At the center, I was assigned to work with Yolanda, an aspiring actress. I was immediately drawn to her warmth and sense of humor. She took her new Indian charge under her wing, walking me around and introducing me to her mother, Coretta Scott King, and other members of her family. Yolanda always laughed with gusto when she introduced me to people, saying my name reminded her of chitlins.
"Do you know what chitlins are?" she asked me. A lifelong vegetarian, I was rather horrified when I found out my name was being compared to a southern pork delicacy, but I forgave her, eventually.
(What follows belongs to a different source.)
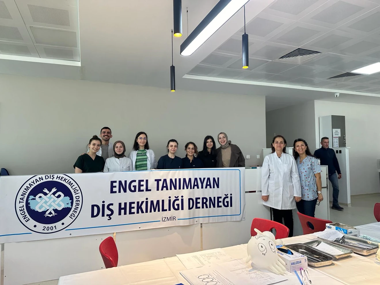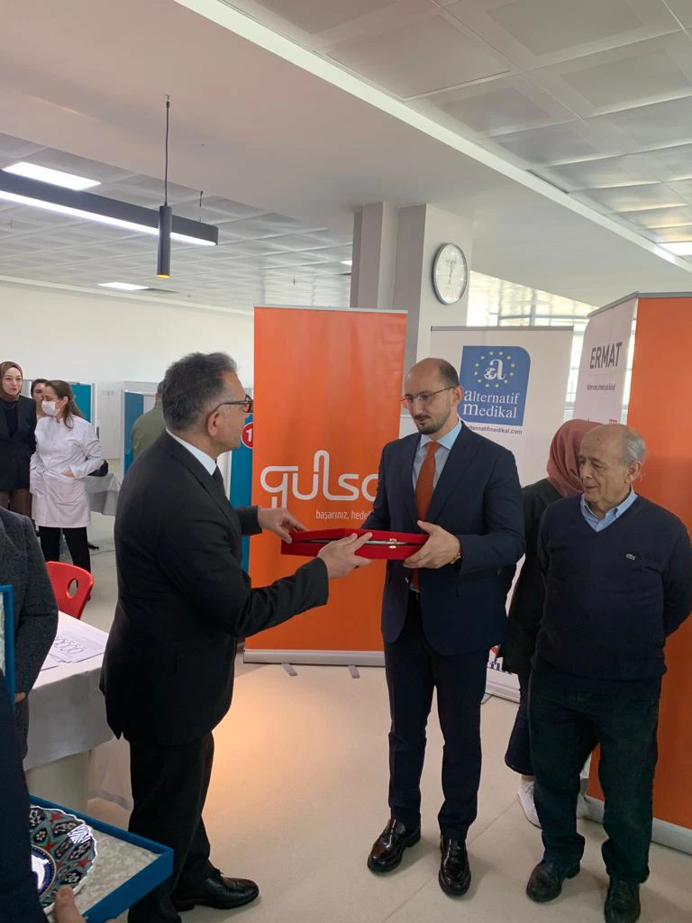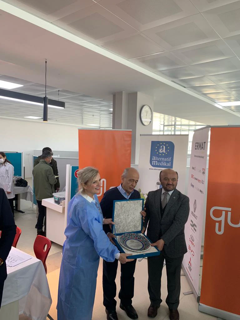 Etkinlikte Engelli Ağız ve Diş Sağlığı Ünitesine katkılarından dolayı Engel Tanımayan Diş Hekimliği Derneği Başkanı ve Ege Üniversitesi Diş Hekimliği Fakültesi emekli öğretim üyesi Prof. Dr. Ertuğrul Sabah ve Sağlık Bakanlığı Sağlık Hizmetleri Genel Müdürlüğü Ağız ve Diş Sağlığı Dairesi Başkanı Doç. Dr. Emre Korkut’a hediye takdim edildi.

I volunteered to design a new public service announcement for the center and drew some rough sketches. As Yolanda and I were transporting the sketches to a friend who had agreed to animate the ad campaign, Yolanda, who was always feeling hot, lowered the car windows to let the breeze in. The sketches flew out the window and landed on the median of the busy road. We were stunned at first but then somehow started laughing at the whole fiasco. Yolanda tried to find a safe spot to park on the side of the road so that we could try to recover the sketches without also losing our lives. We were laughing so hard--struck by the absurdity of the drawings fluttering in the breeze as a statuesque African-American and a slight Indian chased after them, angry passersby honking their horns--that the escapade took twice as long.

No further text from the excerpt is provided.